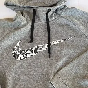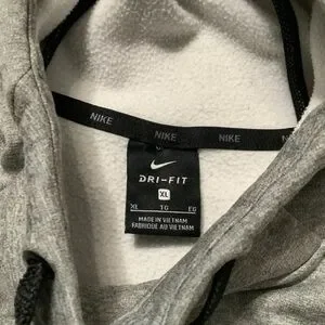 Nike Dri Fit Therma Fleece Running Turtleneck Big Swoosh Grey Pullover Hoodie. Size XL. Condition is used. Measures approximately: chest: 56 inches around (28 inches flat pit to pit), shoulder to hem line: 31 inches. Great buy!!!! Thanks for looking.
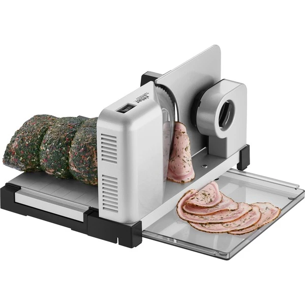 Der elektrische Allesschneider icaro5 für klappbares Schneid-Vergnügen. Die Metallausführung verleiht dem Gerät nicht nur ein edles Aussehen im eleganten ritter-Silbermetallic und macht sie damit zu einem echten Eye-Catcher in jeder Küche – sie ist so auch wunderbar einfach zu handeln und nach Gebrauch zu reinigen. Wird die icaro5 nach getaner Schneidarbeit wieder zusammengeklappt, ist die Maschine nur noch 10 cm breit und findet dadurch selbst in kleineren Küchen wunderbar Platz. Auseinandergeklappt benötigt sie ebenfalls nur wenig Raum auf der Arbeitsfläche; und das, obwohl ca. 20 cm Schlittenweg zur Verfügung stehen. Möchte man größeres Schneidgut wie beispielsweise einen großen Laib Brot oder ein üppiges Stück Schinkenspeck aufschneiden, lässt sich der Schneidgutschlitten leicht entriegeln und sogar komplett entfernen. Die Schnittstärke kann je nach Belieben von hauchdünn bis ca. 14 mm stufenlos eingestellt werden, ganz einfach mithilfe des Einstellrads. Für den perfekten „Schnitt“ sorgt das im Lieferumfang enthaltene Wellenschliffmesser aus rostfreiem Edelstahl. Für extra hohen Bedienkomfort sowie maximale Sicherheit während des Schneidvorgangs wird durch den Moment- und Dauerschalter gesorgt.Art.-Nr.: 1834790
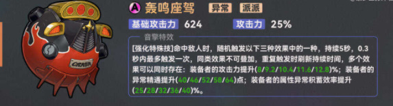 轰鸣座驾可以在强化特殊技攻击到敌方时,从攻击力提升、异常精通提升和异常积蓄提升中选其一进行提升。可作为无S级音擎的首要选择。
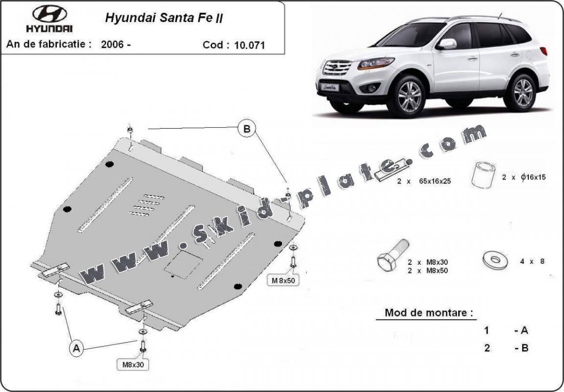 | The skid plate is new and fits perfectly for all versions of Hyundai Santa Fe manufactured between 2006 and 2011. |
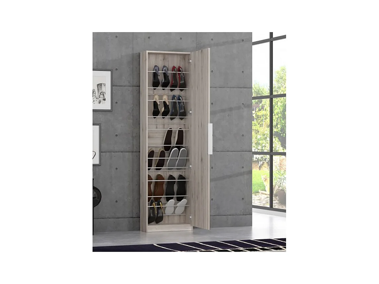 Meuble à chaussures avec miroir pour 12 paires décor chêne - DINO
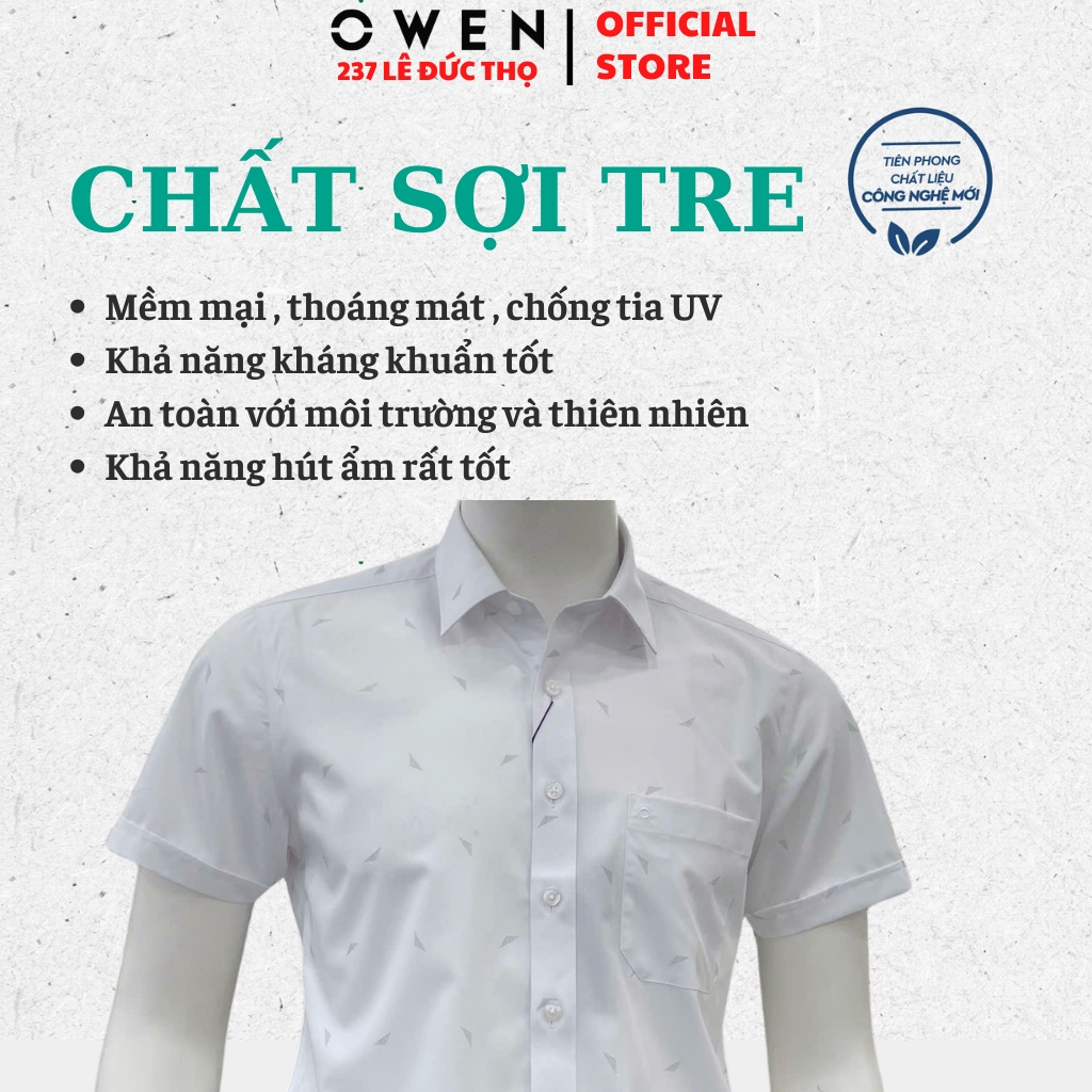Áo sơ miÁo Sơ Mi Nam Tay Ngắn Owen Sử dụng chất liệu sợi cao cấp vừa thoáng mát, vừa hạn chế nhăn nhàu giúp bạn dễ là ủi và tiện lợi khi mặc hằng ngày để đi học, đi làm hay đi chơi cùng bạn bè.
--- --- ---
## Problem to work on:
Start with the line above containing "轰鸣座驾可以在强化特殊技攻击" and end with the line containing "Meuble à chaussures". Set down that stretch exactly, without any pictures.

## Task output:
 轰鸣座驾可以在强化特殊技攻击到敌方时,从攻击力提升、异常精通提升和异常积蓄提升中选其一进行提升。可作为无S级音擎的首要选择。
 | The skid plate is new and fits perfectly for all versions of Hyundai Santa Fe manufactured between 2006 and 2011. |
 Meuble à chaussures avec miroir pour 12 paires décor chêne - DINO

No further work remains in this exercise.